Sunday, 3 May 2015
Civilisation: "Rosewater"
Jon Stewart's directorial debut Rosewater is, as one might expect, both politically engaged and culturally sensitive. As it details the 188-day imprisonment of Iran-born, London-based journalist Maziar Behari upon his return to Tehran to cover the 2009 election, Farsi takes priority over English, and prayers to Mecca are observed on a regular basis. Stewart's trademark pop-cultural asides remain very much in place. When the police first raid the apartment Behari shares with his mother, DVDs of The Sopranos and Theorem ("porno?") are seized upon as evidence of sedition; and, in a fleet personal touch, Stewart reteams with Jason Jones to recreate the Daily Show segment that brought Behari to the attention of this director and the authorities, who came to regard the journalist as a spy working under cover of the American news media - the kind of comical misunderstanding only a truly humourless state might arrive at. All in all, Rosewater offers a far more fair and balanced depiction of life in an Islamic nation than the cable networks Stewart has often had cause to rail against in his day job: in place of bearded zealots, he shows us flawed but human functionaries.

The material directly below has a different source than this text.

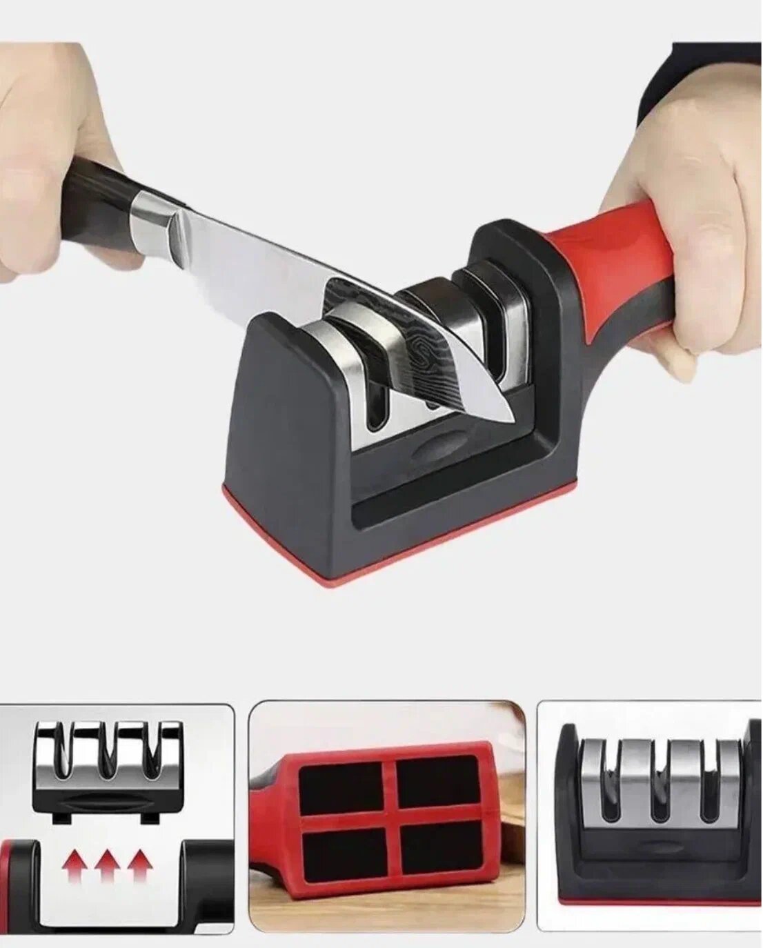Купить Точилка механическая Sharpener / ножеточка / двусторонняя заточка / станок / для ножей и ножниц / шлифовка / для кухни / 3 этапная заточка / ручная/ Точилка для ножей с 3 - х этапной системой заточки / Ножеточка ручная с 3 режимами

Other elements here prove less culturally specific. It's initially jolting to learn that the role of Behari is going to be played by the Mexican Gael Garcia Bernal, no matter that - after NO and Who is Dayani Cristal? - the actor has become something of a multipurpose liberal figurehead. It's even more jolting when his Iranian interrogator turns up, in the form of Great Dane Kim Bodnia, from The Bridge. (With the exception of Ridley Scott's Exodus: Gods and Kings, no 2014 film employed more brown slap.) Stewart has evidently seen enough movies and TV shows to have gathered that these are very watchable performers - watchable enough, at least, to make involving the rather sedentary business of detention and sustained cross-examination; the actors' contrasting physical appearance also adds a visual dynamism to the depiction of ideological difference. Bodnia looms, growls and cajoles, like the State itself; Bernal is lithe but vulnerable, the image of the little man.
Though these scenes serve as a badge for Stewart's faith in civilised, intelligent dialogue, somehow they're still a little too polite-seeming, certainly in comparison with, to take a recent example, the prison scenes in Steve McQueen's Hunger: Behari rarely seems to be facing any immediate threat, despite Bodnia's considerable bulk. Increasingly, one catches Stewart falling back on stock movie tricks to keep the drama alive: flashbacks to Behari's days outside the prison with a free-spirited sister (Golshifteh Farahani), the journalist's conversations with the ghost of his late father (Haluk Bilginer, from Winter Sleep). Rosewater begins to stutter whenever it lapses into this "based-on-true-events" backstory: it's having to make good on exactly that backstory the Daily Show's editors would pare down to a snappy seven-minute segment with the right cutaways.
Even here, though, there remain traces of something more personal, and winning: when Behari leads his slack-jawed interrogator down a blind alley with an account of a voluptuous (and, presumably, patriotic) hand-relief technique known as "Persian Massage", it looks very much like an attempt to rewrite Iranian history according to a stand-up's perpetual need for masturbation gags. (The topper involves Stewart's native New Jersey: it comes close to home.) The result, a genuine middleweight, makes for an easy watch, if not the powerful statement of liberal values it might have been. If Stewart felt any guilt about getting Behari into this mess in the first place, the debt has now been repaid in bringing this story to wider international prominence, and there's obviously something encouraging and positive in seeing an American feature taking the internalities of another nation - especially an Islamic nation - this seriously.
Rosewater opens in selected cinemas from Friday.